Especially because this is all supposed to be dance music. Music to be played at social events when people come together and dance with each other. So you’d expect it be about … coming together and dancing with each other, right? Not the opposite? That was the norm up through the 70s. Love, sex, dancing, getting together — you can name probably 10 dance songs off the top of your head about each of these. One of the points of disco, which after all grew out of minority bars and clubs, was inclusion — think of the emphasis in “Dancing Queen” on how you can dance, you can jive, etc. — you’re invited to be part of all this too! Punk and new wave and the 80s brought in the alienation (goodness knows, “Dancing with Myself”) that we’ve picked up on again, but those songs feel very different to me. Being alone and reaching out is not the same as aggressively pushing others away. And I don’t understand why we would listen almost exclusively to songs about closing off while we’re at dances, which I thought were about opening up.

But maybe that’s what I’m not getting. I have this idea of dances as this chance for people to make connections with each other, but I don’t know whether that’s fair to assume anymore. And if people want to go to dances and act like they’re by themselves, it’s not my place to tell them not to.

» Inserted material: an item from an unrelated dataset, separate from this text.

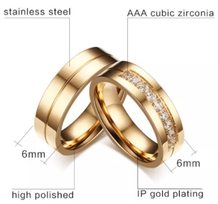 Steel Gold 9 CZs Wedding Engagement Ring for Couple
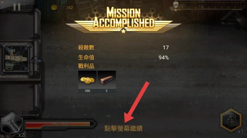 4、战斗结束出现MISSIONACCOMPLISHED界面后,查看杀敌数、生命值及战利品情况,点击屏幕继续进入下一环节。

That’s basically what iPod dances are for: each person interacts individually with a single thing, and the whole group feels good together about each of those experiences. Everyone has fun, and no one feels pressured to be having the same experience as anyone else. And that’s pretty cool. But what if you catch someone’s eye and go back to your room to take the earbuds out, and neither of you feels pressured to be having the same experience, and each of you is just doing it your own way and having your own personal experience. Is this your idea of good sex?

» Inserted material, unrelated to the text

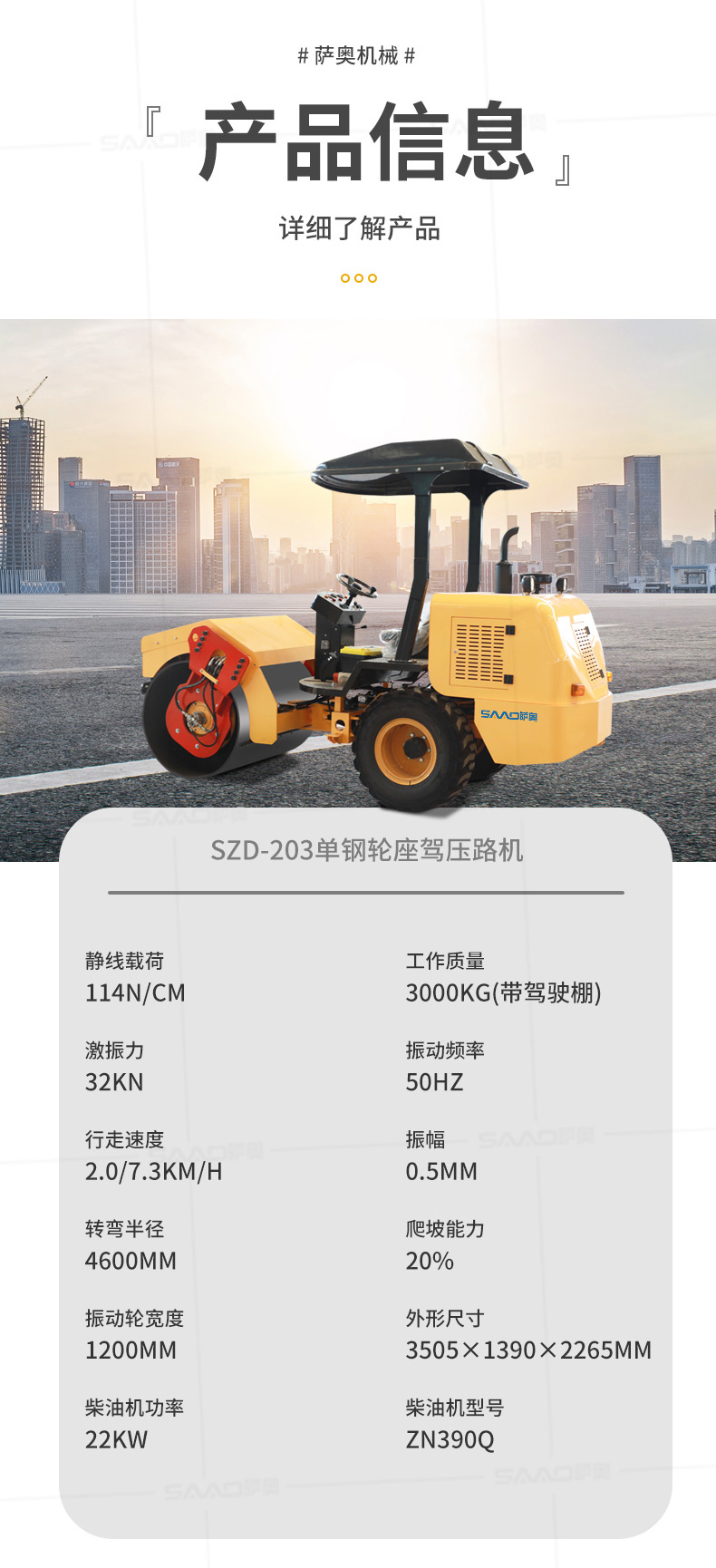 本產品是小型自行式振動壓路機,主要適用于壓實各種非粘結性土壤、沙土、礫石、砂石混合料、穩定土以及瀝青混凝土等建筑和筑路材料,尤其在鄉間道路、大型社區道路、水利建設

Okay, okay. I’m not saying you have to apply the same standards to your music and your sex life. You’ll make up your own mind about that. But I’ll say this: a sound has developed. There is a new idiom that all of the recent dance hits fall into and have helped develop. So far almost all of these shiny harsh songs have been about alienation. And I wonder whether it’s possible to make powerful music in this idiom about anything else. Chris Brown’s “Forever” is the only song KC plays that’s just about dancing, and it’s the song that works the least. It’s compelling to watch a robot feel alienated; it’s difficult to be asked out by one. So if we’re interested in hearing songs about warmth or successful relationships, we should be careful we don’t let those be ruled out.